Он остановился передохнуть у церкви Сент-Эсташ. Отсюда были хорошо видны крыши квартала Ле-Аль, напоминающие выщербленные зубы, вцепившиеся в небо. Над ними суровым часовым, стерегущим город от притаившихся в каждой подворотне демонов, возвышалась башня Святого Иакова. Виктору казалось, что демоны крадутся за ним по пятам, и в лошадином ржании за спиной ему чудился злобный хохот…

Он пробирался сквозь толпу уличных торговцев и гуляк, когда вдруг увидел знакомую маленькую фигурку.

— Иветта! — Он коснулся ее плеча, и она обернулась: он увидел старое, морщинистое лицо.

— Купите ленту, мсье.

Виктор помотал головой, поскользнулся на салатном листе, валявшемся у входа в грязную забегаловку, и официант на пороге громко расхохотался. Виктор ринулся к бару с автоматами, как утопающий к проплывающему мимо бревну.

Зазывала, оседлав стул, предлагал прохожим ознакомиться с революционным изобретением французской Ассоциации общественных водозаборных колонок. Вдоль стен располагались ряды бочонков — пунш, пиво, малага: достаточно было опустить монетку в специальную прорезь, чтобы стакан, подставленный под кран, наполнился тем напитком, который вы выбрали.

— Всего за каких-то десять сантимов вы получаете полную кружку или стакан! Наши автоматы работают точнее, чем часы: бросил монетку — получил напиток. И не думайте, что в бочонке кто-то сидит. Нет, мсье, это наука! Правда, ваш стакан сам собой не вымоется, это сделают нежные ручки мадемуазель Прюданс — так что не забывайте про чаевые. Ну же, месье, смелее, наши автоматы не кусаются!

Веселый зазывала впился взглядом в Виктора, приклеившегося к стойке. Но тот, не замечая его, обратился к мадемуазель Прюданс:

— Мадемуазель, вы случайно не видели девочку лет одиннадцати-двенадцати? Она продает булавки около вашего заведения.

— Не знаю. Может, и видала. — Женщина вяло приняла у него двадцать су.

— Когда она была здесь в последний раз? Это очень важно.

Прюданс посмотрела на него с подозрением:

— А вы, случаем, не из тех негодяев, что любят маленьких девочек? — напустилась она на Виктора.

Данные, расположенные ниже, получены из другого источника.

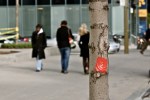 C’est pourquoi, muni de ma caméra qui a tant servi lors des manifestations, j’ai déambulé sans être en mesure de voir autre chose que les signes du mouvement actuel collés, affichés, graffités ou gravés sur les murs et sur les fenêtres de la ville. Mon regard ne suit que les carrés rouges et toute autre forme de désobéissance civile dont les restes s’accrochent encore au mobilier urbain, signe de la radicalité et de la créativité du mouvement. C’est avec fierté que je continue à photographier ces signes qui transforment le vandalisme en solidarité.
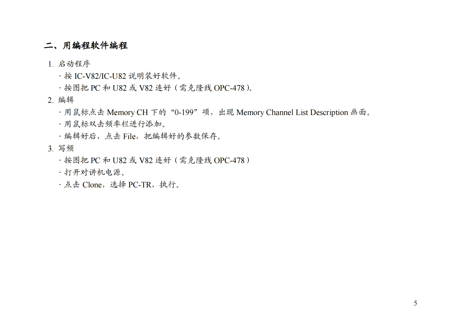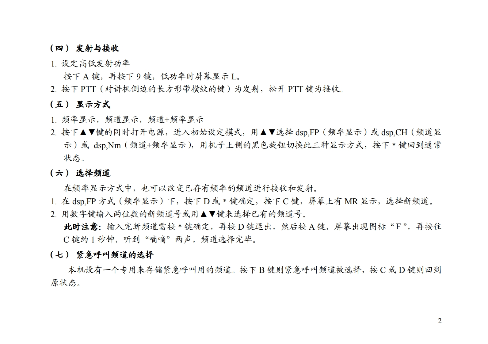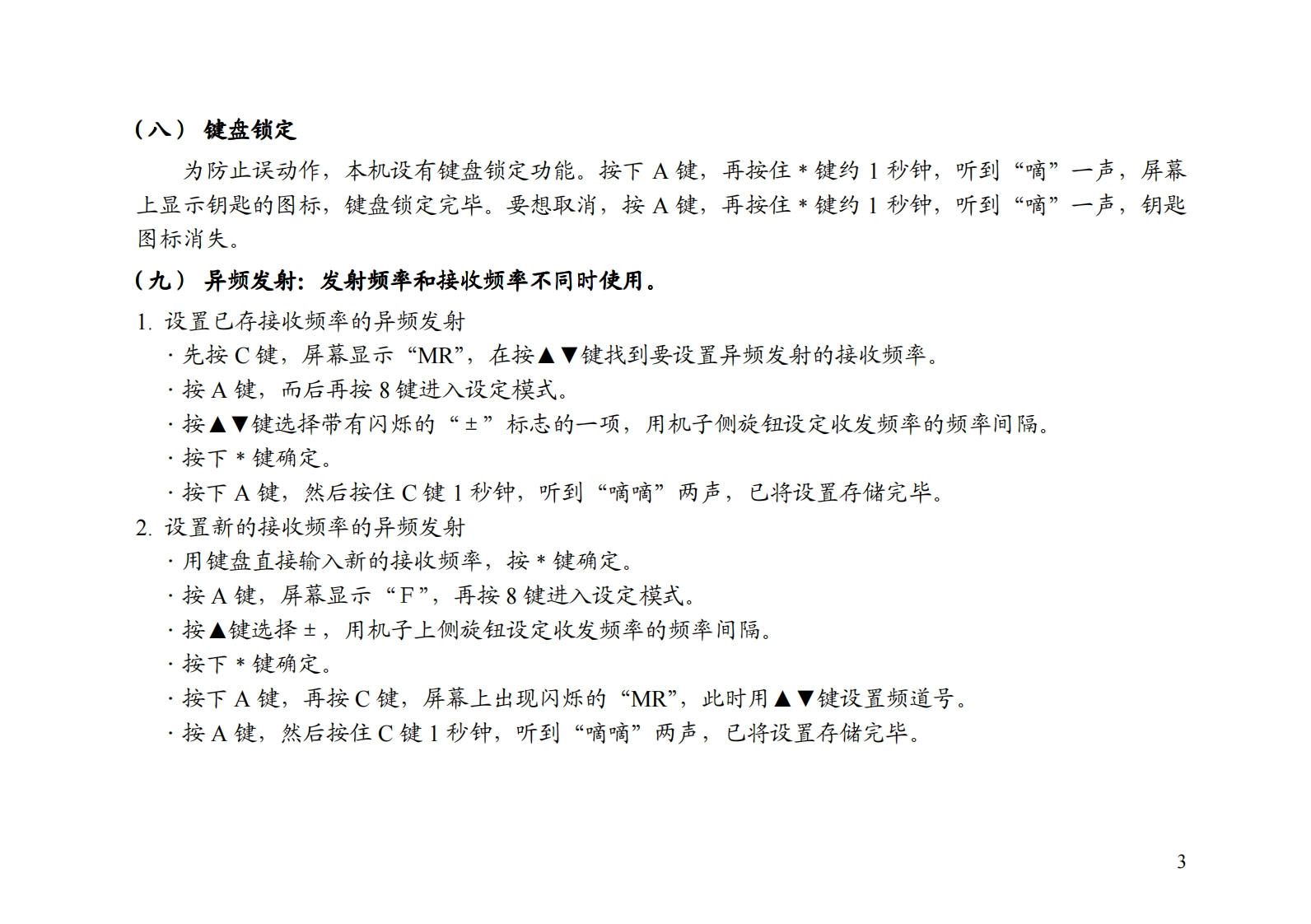 IC-V82/IC-U82的基本操作一、基本操作(一)打开电源:按下一排第四个橙色按键1秒钟,即可打开电源。(二)设定频率:1.通过键盘置频·直接用键盘输入您想要设置的频率参数。·按#键确定。·按A键,出现“F”。·按C键,显示闪烁的“MP”。·按▲T上下键,选择信道,然后在按A键出现“F”后,按住C键,听到“嘀嘀”两声,存储完毕。·重复以上步骤,存储下一个频率。2.用▲7键按所定的步骤增加或减少频率。(三)设定声音大小和静噪深度1.设定声音大小旋转上面的旋钮,可调节声音的大小。2.设定静噪深度按住MONI键的同时,按▲T键可调节静噪深度。(1为最小,10为最大)1
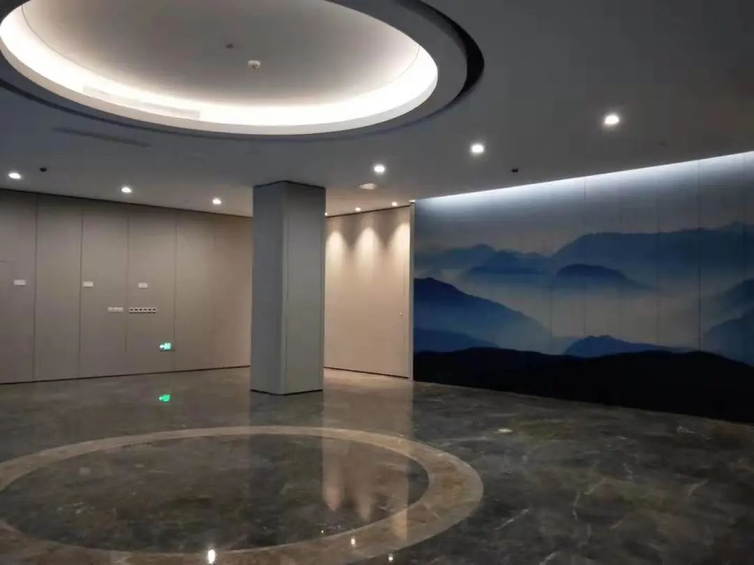大樓主入口設(shè)置了鋁合金除泥墊,保持室內(nèi)空間的癥結(jié),更具人性化。主入口的背景采用了以“星空下,山水間”為主題的造型墻,把設(shè)計概念落實到實處。大廳等候區(qū)采用多元化的家具組合形式,讓空間更加生動。
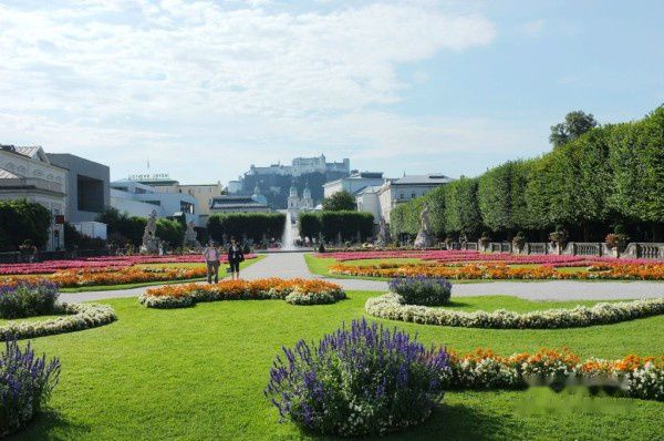 花园跟图片一样,方方正正的大草坪,站在任意角落能远远望到正对的河对面的高高的城堡,很多游人拍照。靠近米拉贝尔宫殿这边,有个高高的平台,爱拍照的人会很认真地在那里找感觉,爱发呆的人可以坐着发呆,闹中取静。远离宫殿的出口出去就是河边了。河面最近的是莫扎特桥,桥面就已非常热闹,在桥上真是风光无限。想游河可以坐桥下码头的游船。我用萨尔茨堡卡可免费坐一趟,有三条路线,有荡一圈返回原地的,我选的是去海伦布尔宫的,因为在城外,所以只供单程,回来得坐公交。坐公交也无妨,一卡在手,畅通无阻。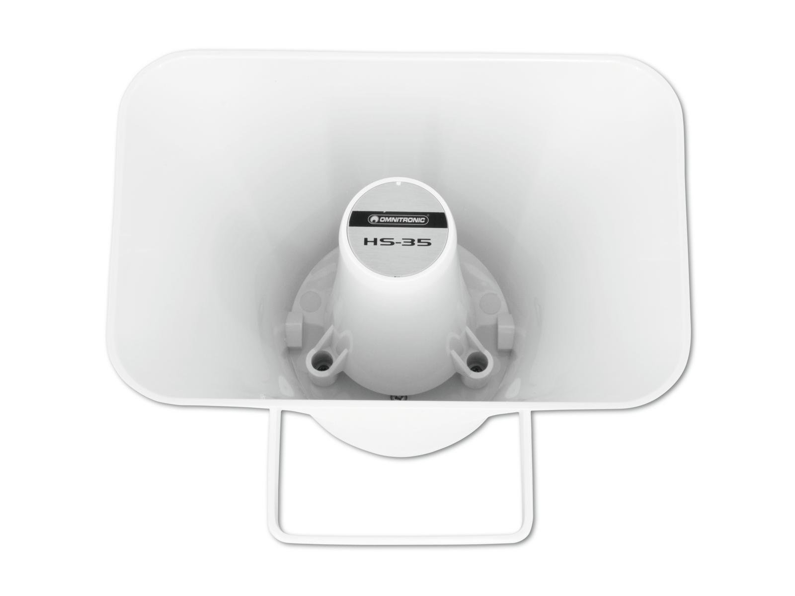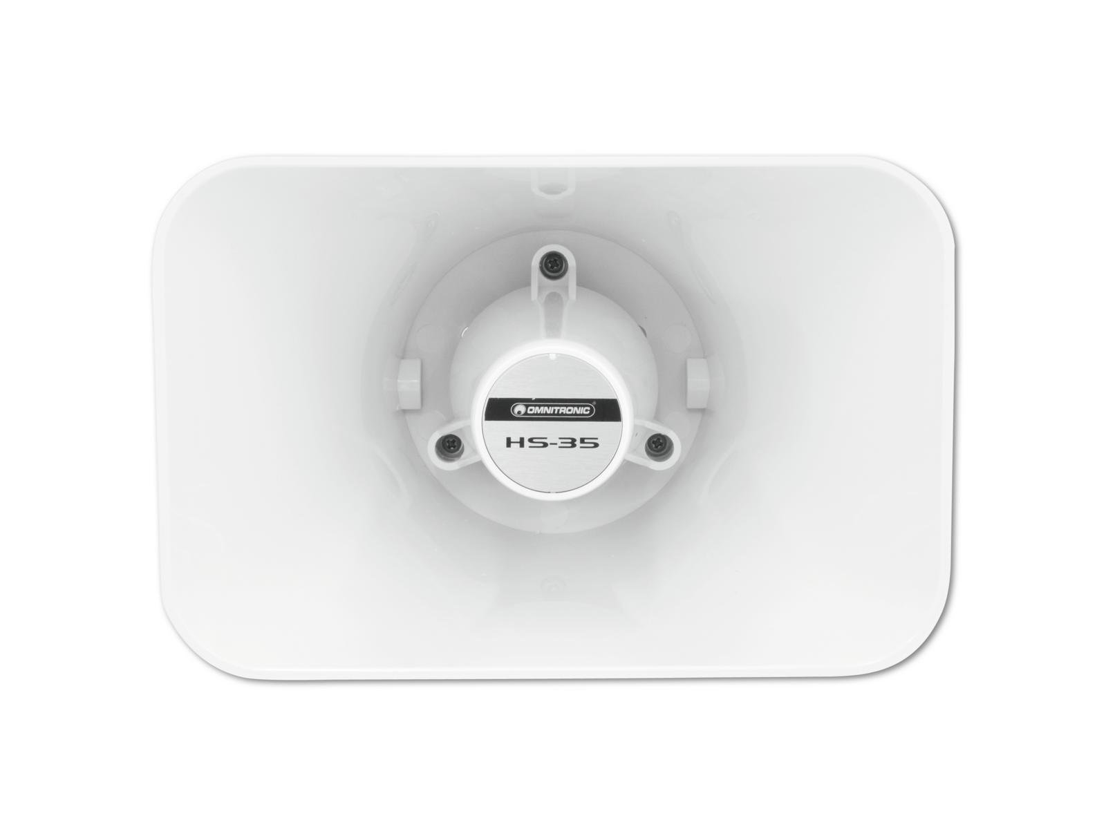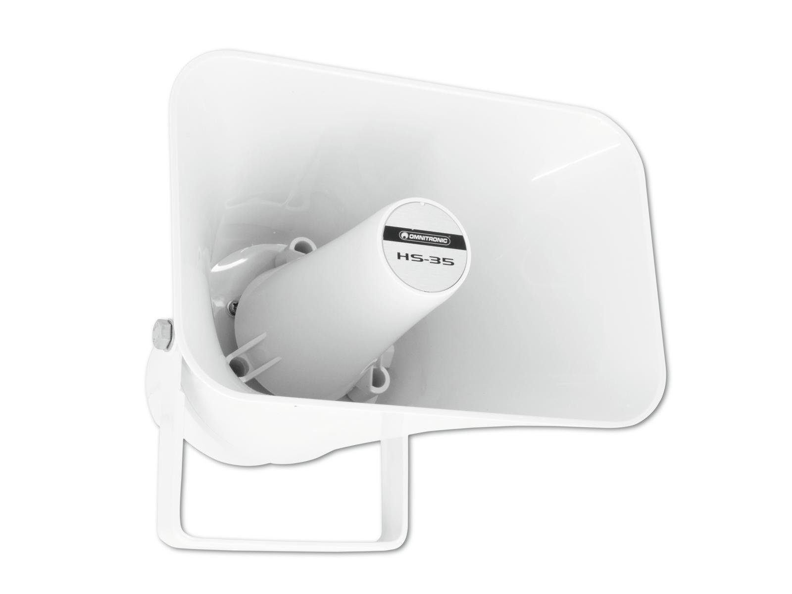 Home Horn Speaker OMNITRONIC HS-35 PA Horn Speaker OMNITRONIC HS-35 PA Horn Speaker SKU: 80710811 46,94 € Desconto de %. IVA incluído. Comprar Contactar Adicionar à wishlist Weather-proof horn speaker, Public address systems 100V 7,5/15 W RMSFor outdoor amplifying systems in football stadiums, outdoor pools, open air eventsWith Mounting bracketSuitable for outdoor use IP56Scratchproof and shockproofFor further information about this product, please refer to the Data Sheet under "Downloads"Package contents1 x device, 1 x user manualIP classification:IP56Power:Program: 30WRated: 15W RMSFrequency range:400 - 5000 HzMax. SPL:105 dBImpedance:Public address systems 100VAttachment system:Mounting bracketPower tapping:7,5W; 15W RMS via no connector/cable only switchableType of speaker:HornMaterial:ABS Acrylonitrile butadiene styreneColor:White, scratchproof and shockproofDimensions:Width: 22,8 cmDepth: 28,1 cmHeight: 23,2 cmWeight:1,45 kg Marca Omnitronic Tags OMNITRONICHS-35PAHornSpeakerOnitronic Características Partilhar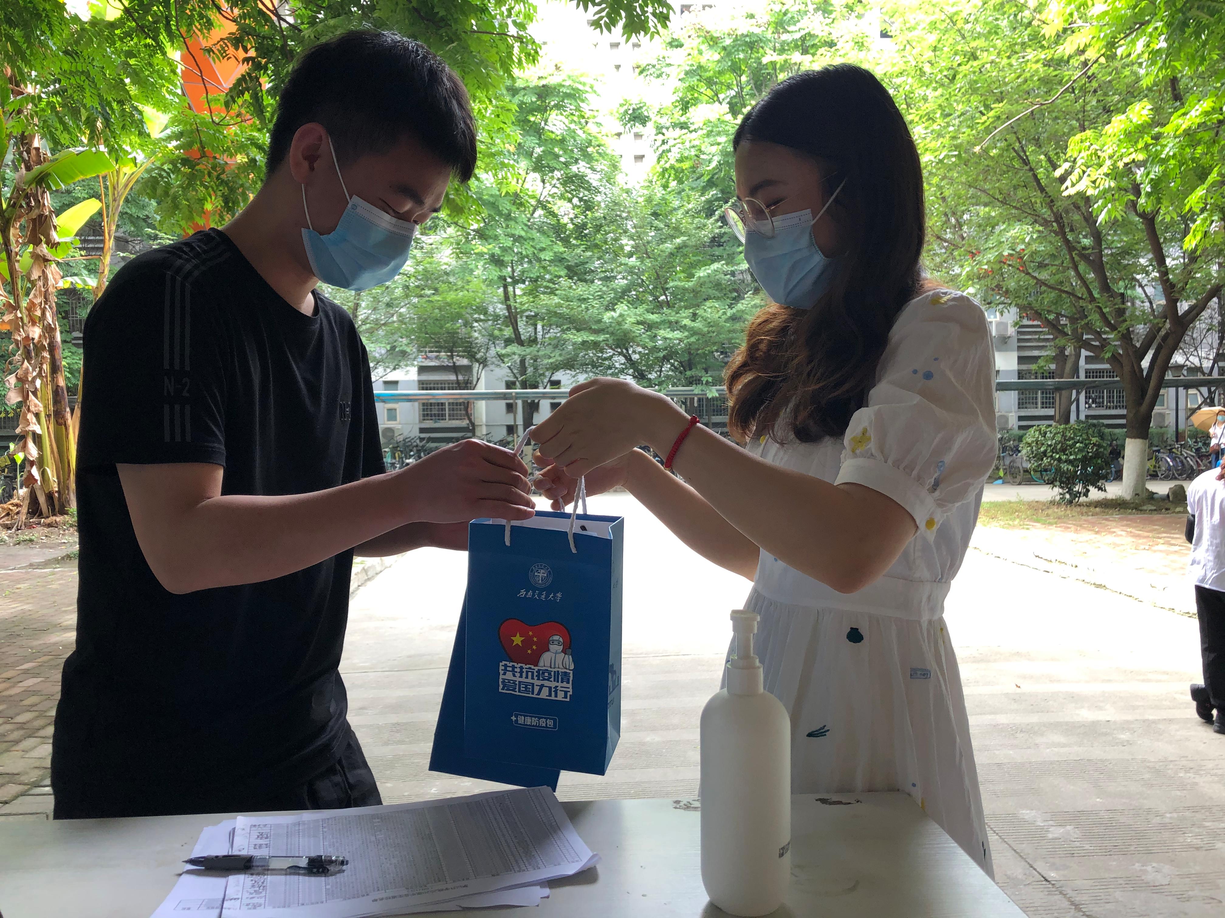 接待点,亲切问候每一位返校同学并答疑解惑,为返校学生进行二次身份核验、发放校院爱心防疫礼包,让同学们感受“回家”的温暖,爱心礼包里丰富的防疫物资也传递了学校和澳门六合彩官网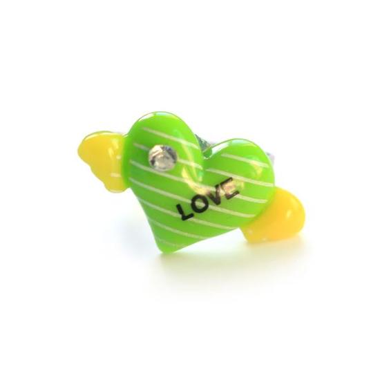 Green LOVE heart with wings adjustable ring
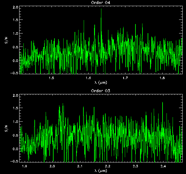 Unlike visible wavelength spectroscopy, substantial airglow dominates the near-infrared portion of the spectrum, particularly at wavelengths longward of 1.5um. Beginning at 2.0um and longward a significant ambient thermal radiation component begins to contribute Poisson noise. The spectrum below illustrates these effects on a faint (J, H, Ks ~ 14 mag) object. The animation shows the star observed at two slit positions as is typical for TripleSpec observations. Evident are bright airglow emission lines filling the slit, particularly in the H-band (2nd from top) order. Wavelength increases to the left, and the rising thermal emission in the K-band order (top) is evident as well. Scattered high dark current pixels pepper the array. Pixels that blink on are off are cosmic ray hits. The exposure time for this image is 120 seconds.

Тот залился краской до самых бровей.

— Да как вы могли такое подумать!

— А что? Скажете, вы ее папаша?

— Прюданс, что там такое? — вмешался зазывала.

— Этот фрукт ищет Иветту.

— Иветту? Так ее еще вчера забрали в участок.

— В какой участок? — повернулся к нему Виктор.

— Какая вам разница? Все равно она наверняка уже в камере.

Виктор приподнял шляпу и вышел.

— Шляются тут всякие и ничего не покупают, — проворчал недовольно зазывала.


Он прислонил велосипед к стене, присел на корточки — якобы чтобы проверить, хорошо ли прокручиваются педали, и украдкой взглянул на книжную лавку «Эльзевир». Японец только что ушел. Тип, который шлялся вчера по кварталу Доре, сидел за прилавком и читал газету. Но утром он, выйдя из дома на улице Висконти, зачем-то долго бродил по городу, и только потом отправился в лавку.

— Вам нужна помощь? — раздалось у него над ухом.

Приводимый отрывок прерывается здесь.